Although I respect those truths, I was also there to offer my respect and gratitude for our crucial local human story: for the living and those already passed who built this place, these roads and town I live in and love; for all those families, workers, wives, husbands and children, those suffering career shift workers, their camaraderies, animosities, teamwork and conflicts, those labour disputes, expansions and shutdown dramas; for the workers who lost their lives or were injured by the dangers and demands of their work; and for those who in this ending, lost their employment.

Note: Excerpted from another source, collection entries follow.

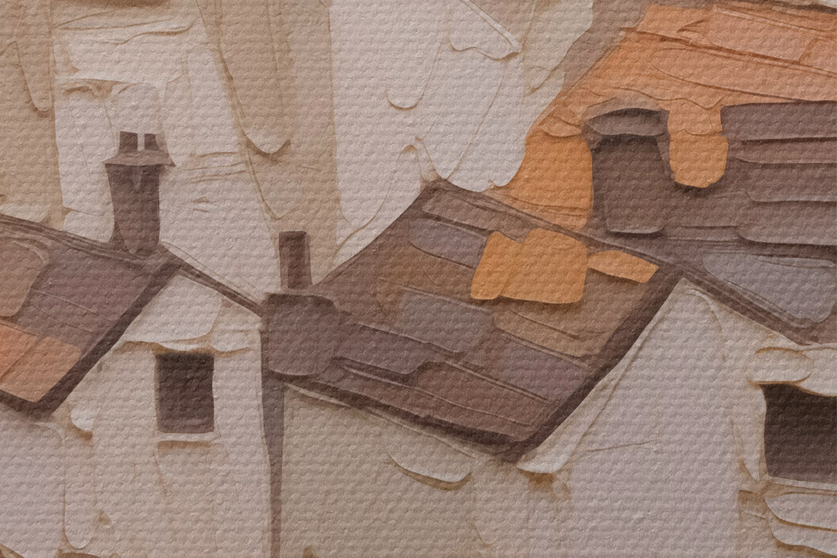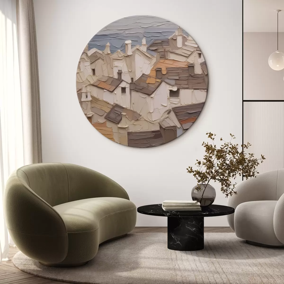 Кругла картина Дахи будинків - абстрактна імітація живопису Nr r42910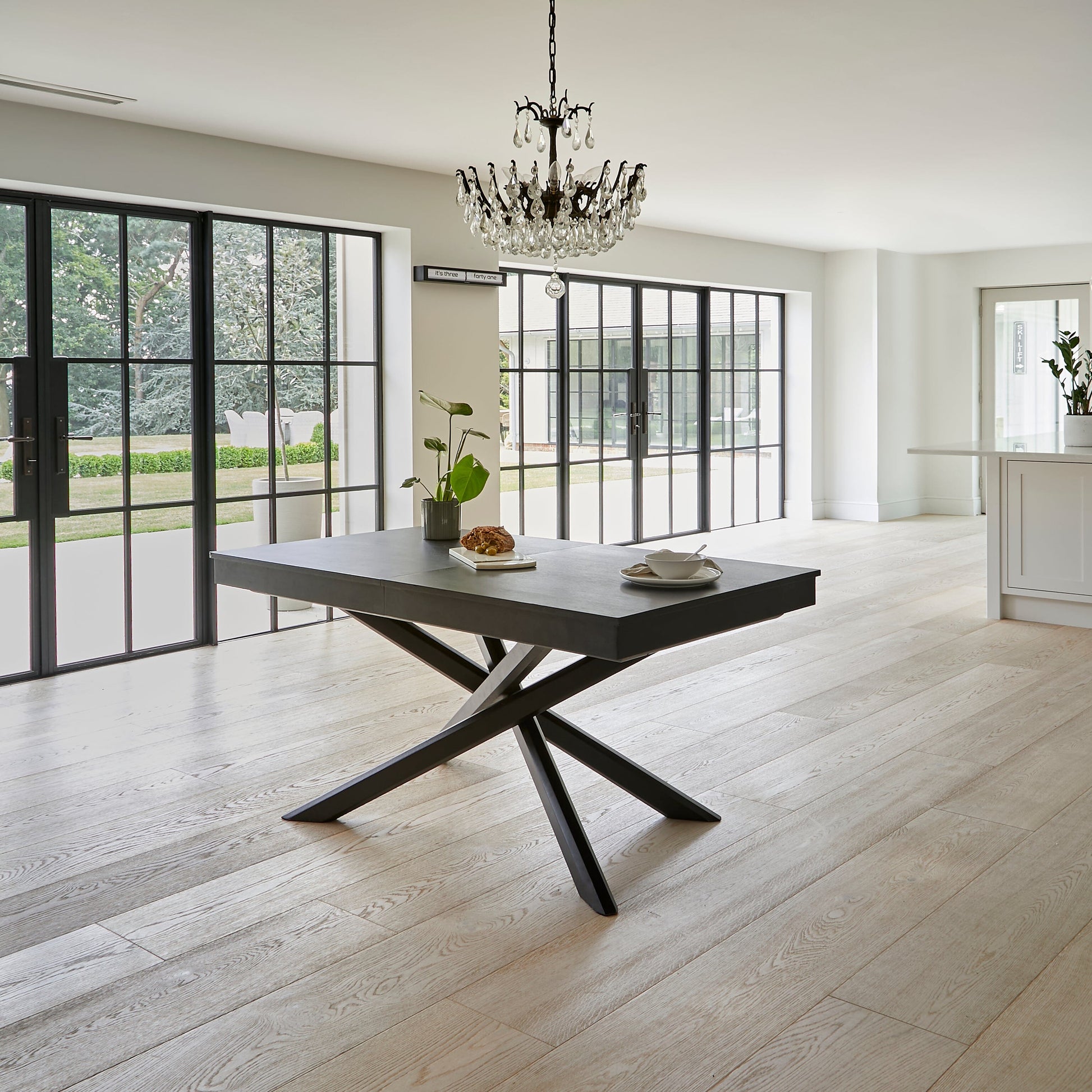 The Amelia solid black wood extendable dining table is the perfect choice for contemporary-inspired décor. In a bold black finish with an intricate solid leg structure, the Amelia dining table is sure to add the wow factor to your living and dining space.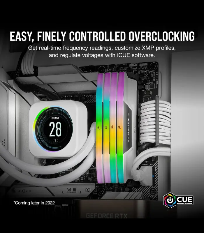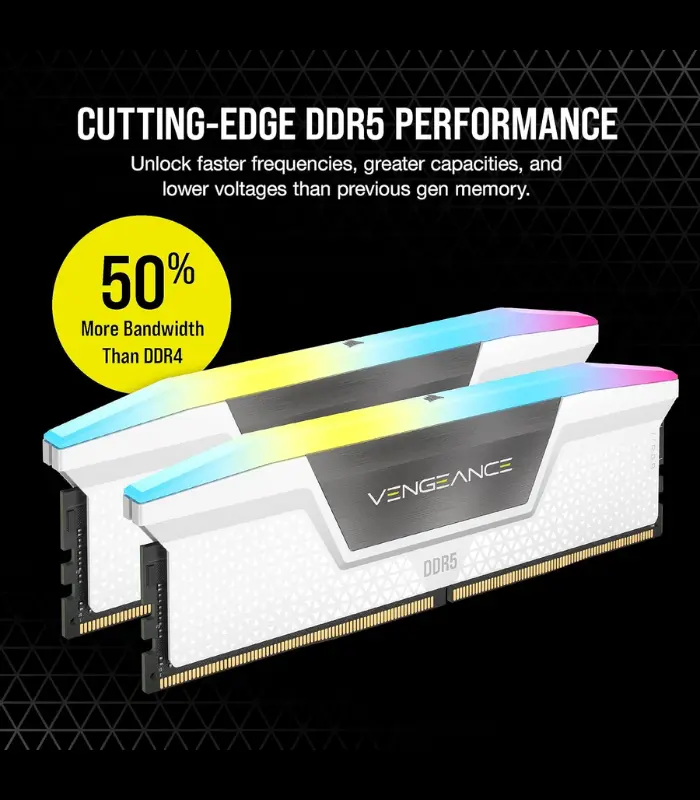 El kit de memoria CORSAIR Vengeance RGB de 32 GB y 6000 MT/s en color blanco mejora la capacidad multitarea de tu sistema. Este kit de dos módulos te permite disfrutar de juegos fluidos, renderizar proyectos digitales más rápido y optimizar tu carga de trabajo.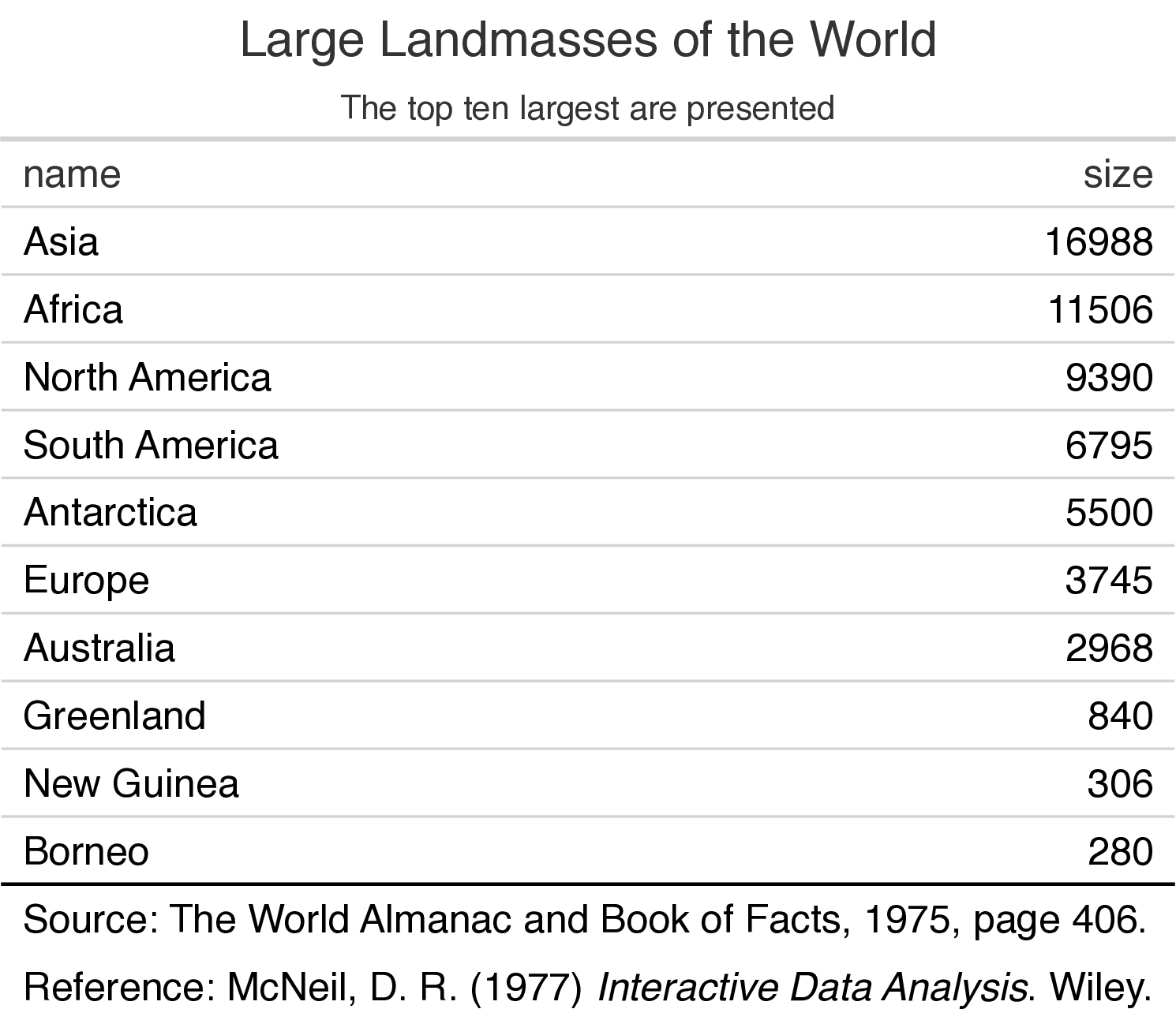 Font sizes and minimal borders make this table stand out.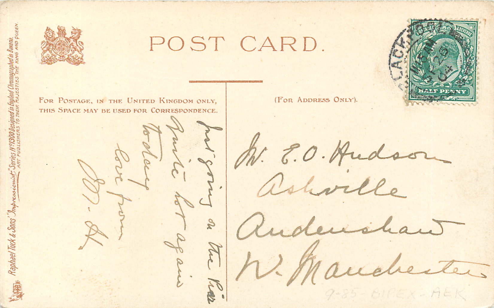 IMPRESSIONIST, DESIGNED IN ENGLAND, CHROMOGRAPHED IN BERLIN same images French backs EN SOIREE SERIE 435, listed in postcard catalogue 1908(USA)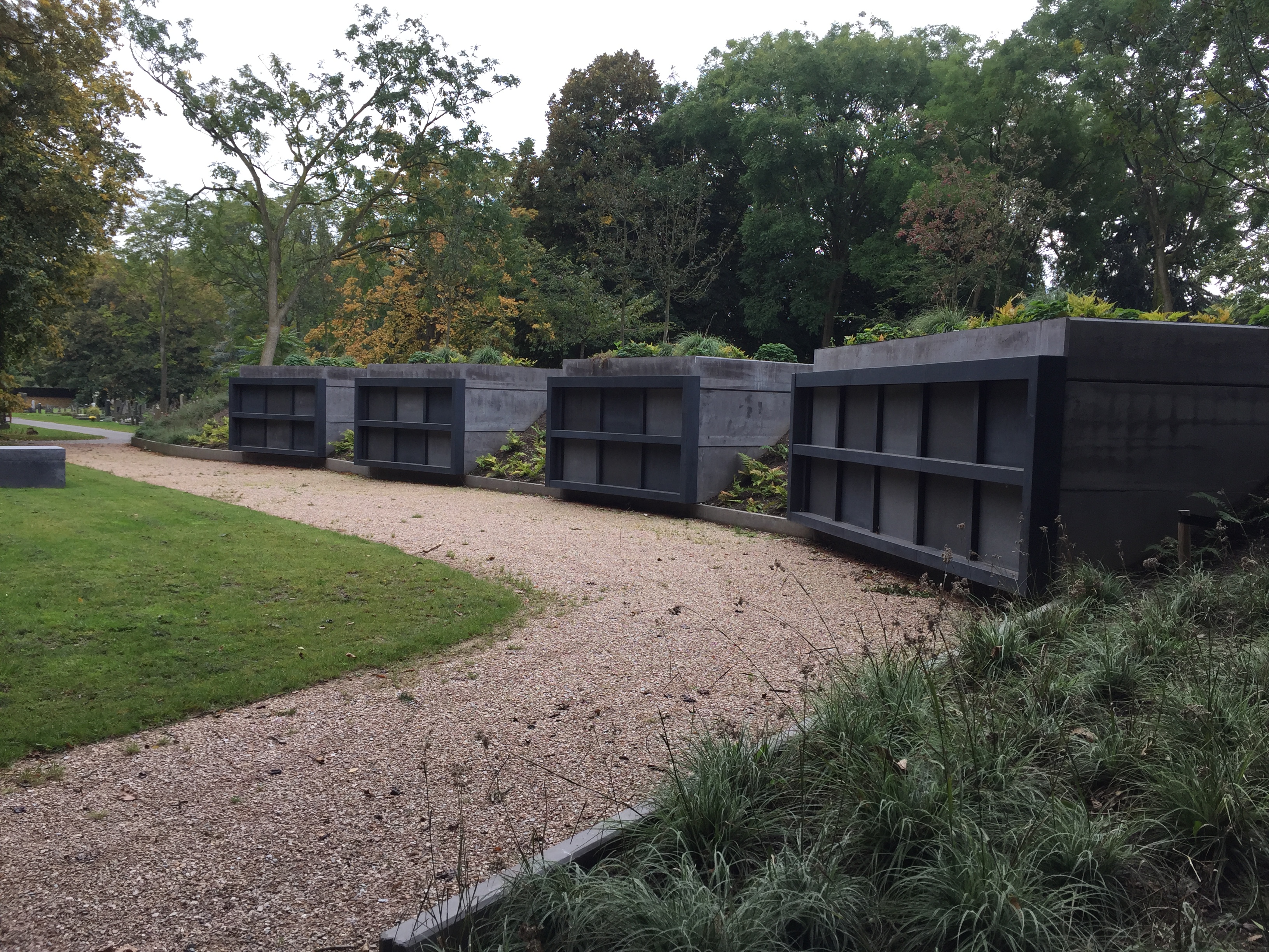 De natuurstenen afsluitplaten variëren in kleur door te kiezen voor verschillende bewerkingen. Bijzonder is ook dat met deze wandgraven een landschappelijke verbinding is ontstaan tussen heden en verleden. Ze zijn gesitueerd in de aarden wal die de grens markeert met het opgehoogde deel van de begraafplaats waar zich het nieuwe Kinderhof bevindt. Met nieuwe (rolstoelvriendelijke) paden is het oude gedeelte nu ontsloten en is de begraafplaats als geheel weer een groene wandelroute rijker. Wethouder Pieter Heijkoop heropende de Rijksmonumentale grafvelden op begraafplaats De Essenhof.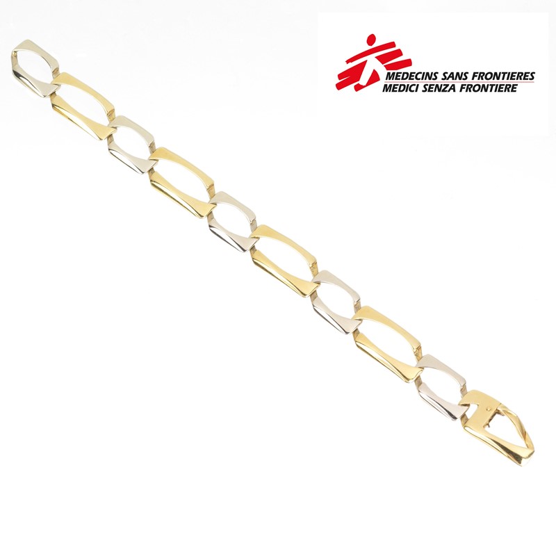 BRACCIALE A CATENA in oro giallo e bianco 18kt, punzoni 750 e del fabbricante, lungh. cm 18,5, gr. 32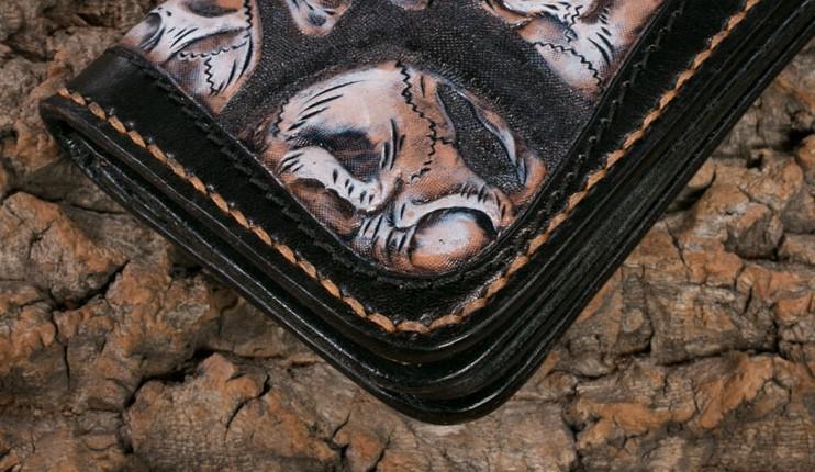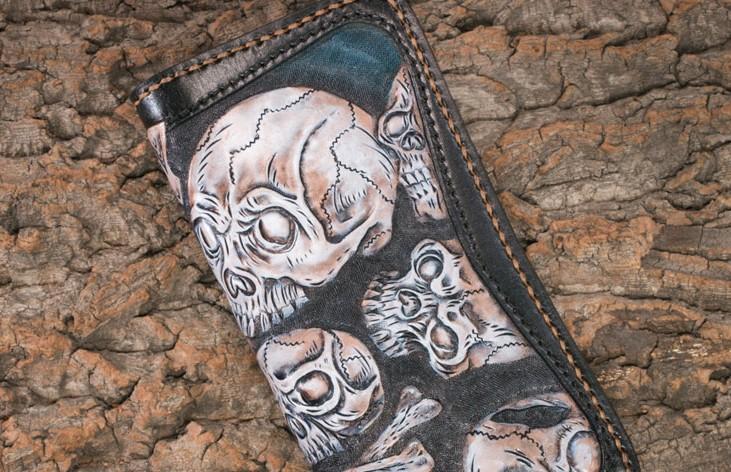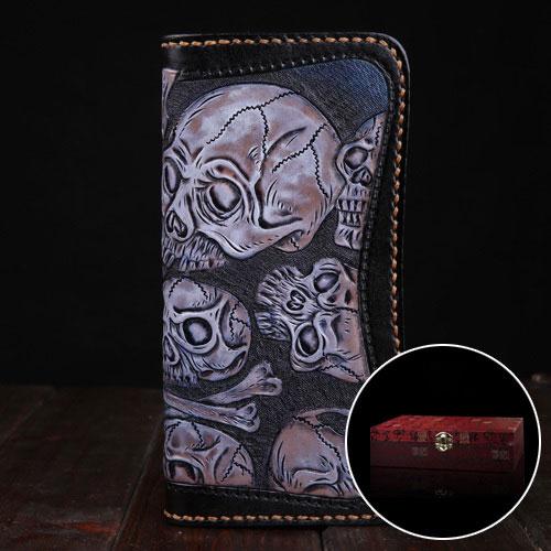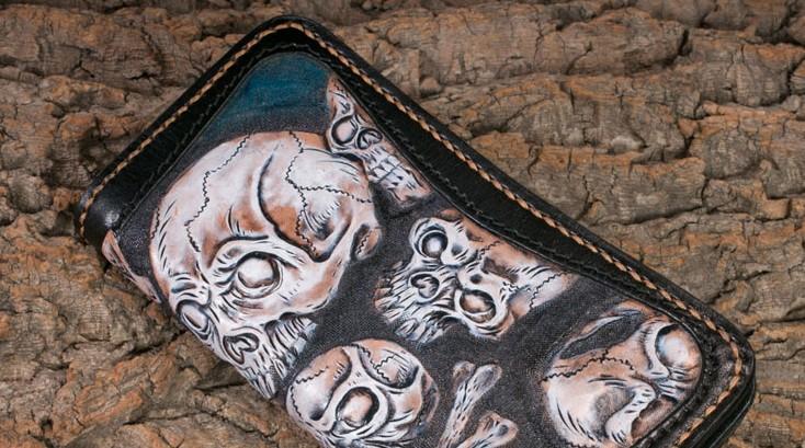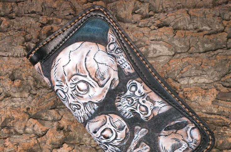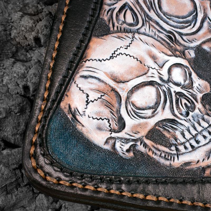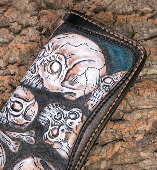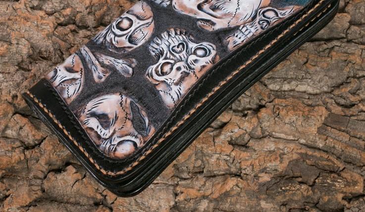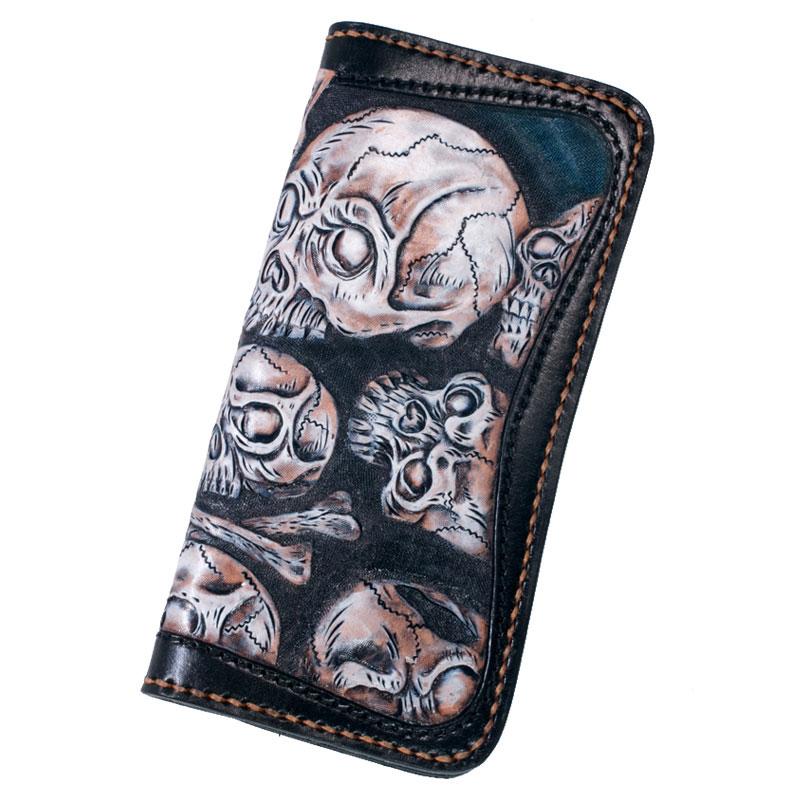 Style: Handmade Leather Men Tooled Skull Halley Cool Leather Wallet Long Phone Wallets for Men
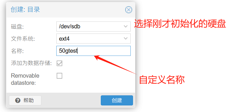 5、磁盘选择上面初始化的硬盘,文件系统选择ext4,名称自定义一个,然后点击创建。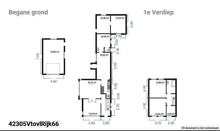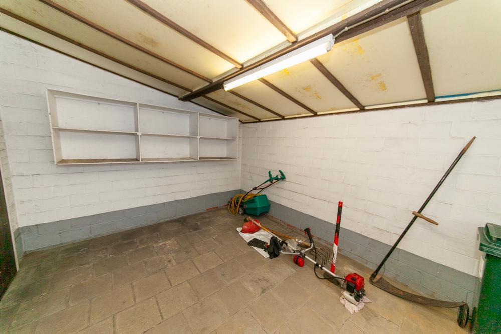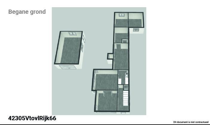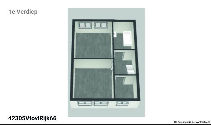 Indeling: op het gelijkvloers: inkomhal met trap naar de 1e verdieping, apart toilet, woonruimte, keuken, berging, droge kelder, aparte garage; Op de 1e verdieping: 2 ruime slaapkamers, badkamer, bureauruimte; Op de 2e verdieping: ruime zolder met mogelijkheid tot het creëren van een 3e slaapkamer.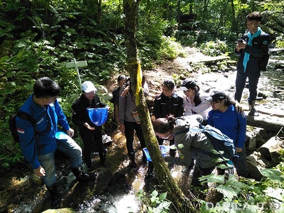 Dengan kegiatan ini, peserta dapat mempelajari bagaimana keberadaan sungai dan integrasi komponen pembentuk di daerah hulu, termasuk ekosistem perairan hulu sungai. Dalam menyusuri tempat bertelurnya ikan salmon, dipandu Profesor Tsuyoshi Sasaki dari Tumsat.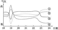 小题1:19日,登陆后的台风中心经过了我国南方某地,继而在23日该地又迎来冷空气过境。上图四条曲线中,能正确反映从18日到24日该地气压变化特点的是? ( )

For all those past and present, I acknowledge your efforts. For the paper and lumber you gave the world, for those of you caring enough to share your talents and do your best year after year to make production and quality targets. For those managers and supervisors who took the blame and responsibility often while others opposed you. For those who fought on behalf of workers safety and rights, I thank you.  

I recognize and give thanks for the incredible wealth and income that came to this community and for all the taxes paid that helped build the facilities we enjoy. 

Join me in remembering and respecting that this town as we know it today is here because this pulp and paper mill existed. Either directly or indirectly, most of us, we’re living here because it did.

Roger worked as a contractor with Industrial Nondestructive Testing in the mill from 1975 to 1995 and has lived in Powell River since 1993.